The digital asset community is hotly debating “Black Friday” on October 10, 2025, which saw the market, including bitcoin (BTC), plummet by as much as 17%. This sharp decline followed Donald Trump’s announcement of 100% tariffs on China. Various theories subsequently emerged on social networks, seeking the real causes of this sudden collapse.
User DanteX suggests that Trump «benefits from both market declines and recoveries because he controls the catalysts.» In a forceful statement, he stated: “Cryptocurrencies have become your private hedge fund, where retail losses equal insider trading income.” In doing so, it accentuated the perception that political decisions are used to directly influence the wealth of specific actors in the digital asset space.
The market crash occurred precisely one minute after Trump announced tariffs on China. For this reason, the Colombian bitcoiner known on social networks as «BTCAndres» suspects that there was a possible operation with insider information, highlighting one whale that opened short positions just before the announcement, making over $150 million in profits.
The speculator they refer to opened “huge short positions” on the decentralized platform Hyperliquid. He then sold large amounts of bitcoin and other digital assets short.
This is a risky move that only pays off if prices drop drastically, which happened last Friday, when BTC fell 7%, below $112,600. Ether (ETH) also fell 12%. While the third largest stablecoin on the market lost its parity with the dollar, as reported by NoticiasVE.
The trader’s bet became a gold mine. Only in the currency of the Ethereum network he obtained about 72 million dollars. And he currently maintains more than 90 million in short bitcoin positionsso your total profit could be much higher.
These coincidences are not an isolated event. Previously, million-dollar operations in bitcoin and ether raised suspicions around Donald Trump’s announcement to advance a national BTC reserve.
They suspect that there is handling of privileged information
Daniel Muvdi, head of markets at brokerage Quantfury, bitterly joked: «If only we were friends with Trump,» alluding to trading moves that suggested privileged access to presidential information.
Muvdi noted the appearance of «trades Highly leveraged (millionaires) minutes before Trump’s post everywhere, with liquidations at 1% or less,” suggesting unusual certainty about market direction.

Manipulation or coincidence due to geopolitical volatility
Not everyone shares the insider trading theory.

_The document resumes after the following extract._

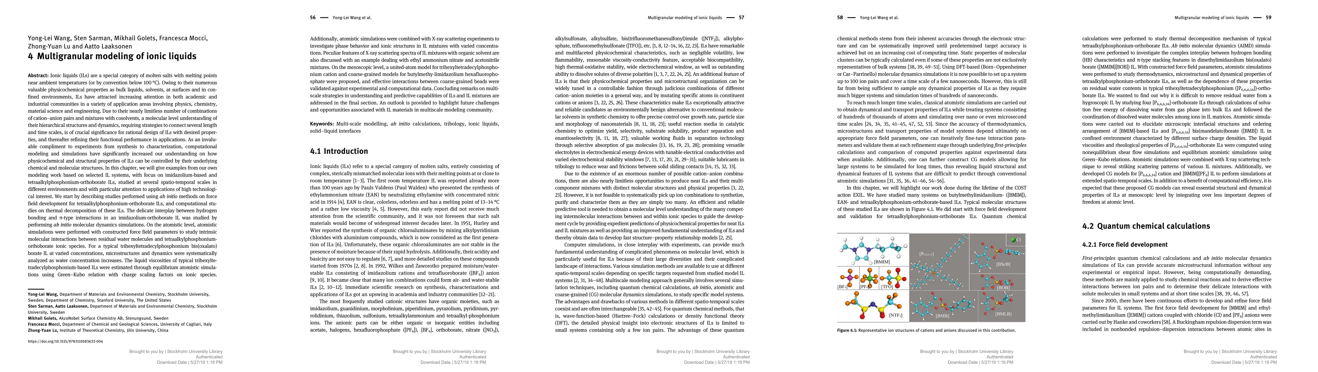 This paper explores the modeling of ionic liquids to understand their hierarchical structures and dynamics, with a focus on designing ILs with desired properties for various applications. It highlights the importance of computational modeling in controlling physicochemical and structural properties of ILs.

Some voices attribute the fall to the inherent geopolitical volatility and excessive market leverage.
Cryptographer Nick Szabo, known for his closeness to Satoshi Nakamoto, described a classic pump-and-dump (inflation and dumping), a price manipulation scheme common in meme coin markets.
In response to a user frustrated by losses in Solana meme coins, Szabo exposed the vicious cycle of exaggerated optimism.
«The hypesters (euphoria promoters) bought, then they spread memes, then you bought, then they sold. Guess who took the profits, you or the hypesters«said Szabo. His message resonates as a stark reminder that in the speculative frenzy, the real winners are often those who orchestrate the euphoria, not those who fall into it. With this, the precursor of bitcoin invites everyone to pause before joining the herd.
Carlitosway, advisor at Silencio Network, contextualized the event with a more disruptive vision: «This was not chaos, it was a targeted attack. “The old world must collapse before a new order can be established,” he said.